Review: 'Apt Pupil' gets an 'A'
Web posted on: Wednesday, October 21, 1998 11:16:02 AM EDTFrom Reviewer Paul Clinton
(CNN) -- "Apt Pupil" gets pretty spooky, and more than a bit strange. But this should come as no surprise since it's adapted from a novella by Stephen King. Brad Renfro plays Todd Bowden, a 16-year-old high school student who is just a little too smart, and a little too curious for his own good. Ian McKellen plays Kurt Dussander, a Nazi war criminal in hiding.
Todd is fascinated with the Holocaust. After his history class briefly studies that period, he sets out on his own to find out more about that terrible time in history. He spends hours researching the atrocities. Then, one day on a bus, he sees a man who looks familiar, and he suddenly realizes he's looking at Dussander, a notorious Nazi wanted for crimes against humanity.
Rather than turn the old man in to the authorities, he strikes a deal with him. In a weird twist, Todd forces the old man to relive his days as an S.S. Officer, and tell him every detail about the death camps -- all the things they don't teach you school. They then set off on a dangerous relationship that reveals horrible emotions, painful memories, and awakens a terrible evil within them both.

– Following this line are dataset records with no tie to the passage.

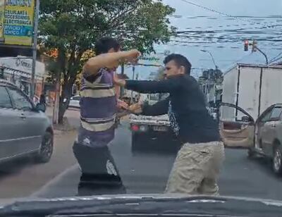 El video muestra a ambos hombres empujándose y golpeándose en la vía pública mientras el semáforo permanecía en rojo.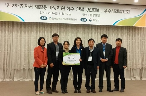 이번 경진대회는 재활용의 중요성을 알리면서 유리병, 종이팩, 발포스티렌 재활용률을 제고하고자 환경부가 주관한 것으로, 전국 각 시 ․ 도에서 선발된 17개 기초지자체가 참여해 1차 현장평가와 2차 우수사례 및 성과 발표 심사를 받으며 치열한 경쟁을 벌인 결과 영예의 대상을 수상함에 따라 2,000만원의 포상금도 받게 됐다.
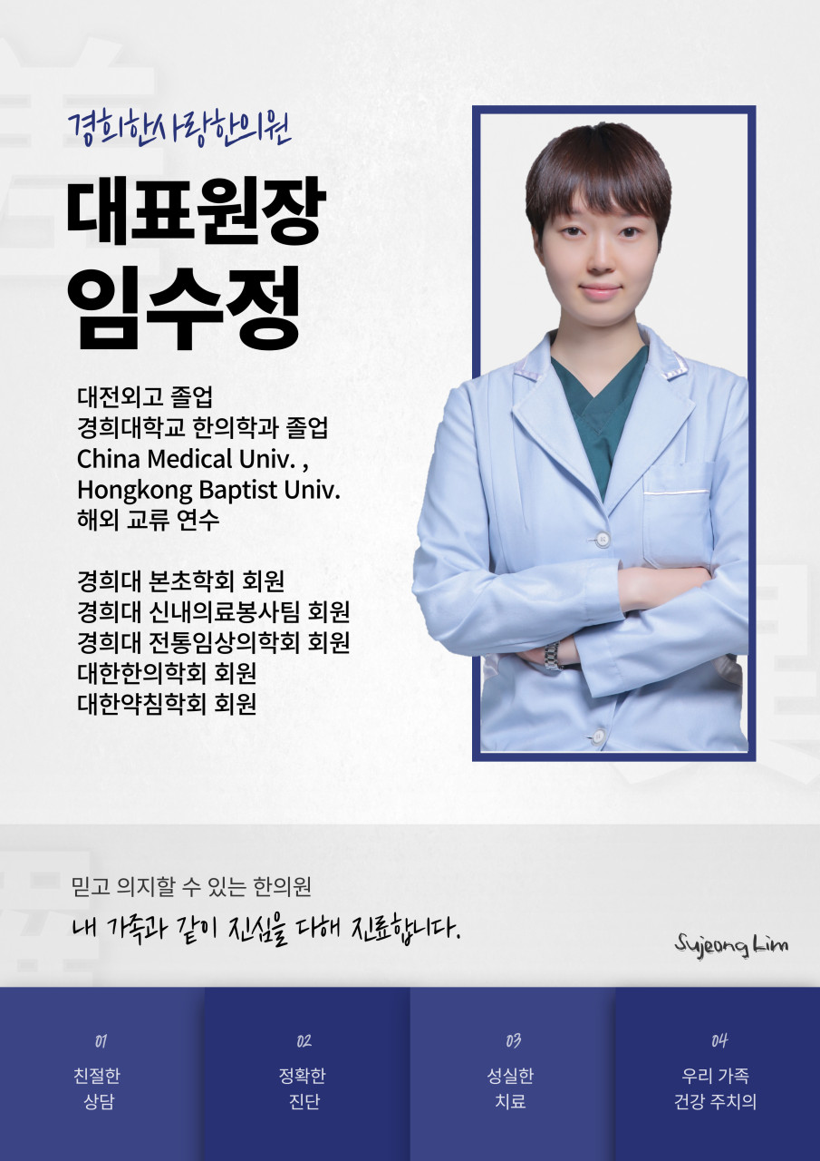 - 주소 : 충남 천안시 서북구 봉정로 362 2층 경희한사랑한의원

McKellen plays Dussander as a seemingly meek old man, minding his own business, and living out his lonely life in isolation. So when we discover his horrific deeds from the past our reaction is intensified upon learning that such an ordinary looking man could have done such extraordinarily evil things.
If Sir Ian McKellen (he was knighted in 1991) doesn't get an Oscar nomination next year I'm gonna ... I'm gonna -- Well there's not much I can do but I'm not going to be happy. His work in "Apt Pupil," and the upcoming movie "Gods And Monsters," is outstanding and his brilliant career should be recognized.
Renfro is also very believable in his role as the young boy. But I must admit that at times his acting style gets on my nerves. He appears to be a believer in the Ethan Hawkes' school of acting. Whenever he wants to convey deep feelings -- such as rage -- he tucks in his chin, lowers his head and turns his eyes upwards. Then he delivers his lines through clenched teeth. We get it, Brad. We get it.
The usual Singer
This is the third feature film by 31-year-old director Brian Singer. His second effort won two Academy Awards. In 1995 "The Usual Suspects" grabbed the Oscar for Best Original Screenplay and Kevin Spacey went home with the Best Supporting Actor award. In "Apt Pupil," Singer once again uses tension and mystery to great effect. The film isn't a mystery in the same way that "The Usual Suspects" was, but there are still many surprises, and you're never quite sure what's going to happen next.
This is a grim film with disturbing subject matter, but it's also a fascinating character study in psychological warfare between the old man and the young boy. This is a story about control. First the boy is in control. Then the old man. Finally they both become overwhelmned as events take on a life of their own and neither one of them are in control.
"Apt Pupil" addresses the question of evil and how absolute evil can corrupt absolutely. I doubt if this film will have the broad appeal that "The Usual Suspects" enjoyed, but this peek at the nasty side of human nature is compelling and worth seeing.
"Apt Pupil" opens nationwide on Friday, October 23rd and is rated "R" (due to subject matter and violence) with a running time of 100 minutes.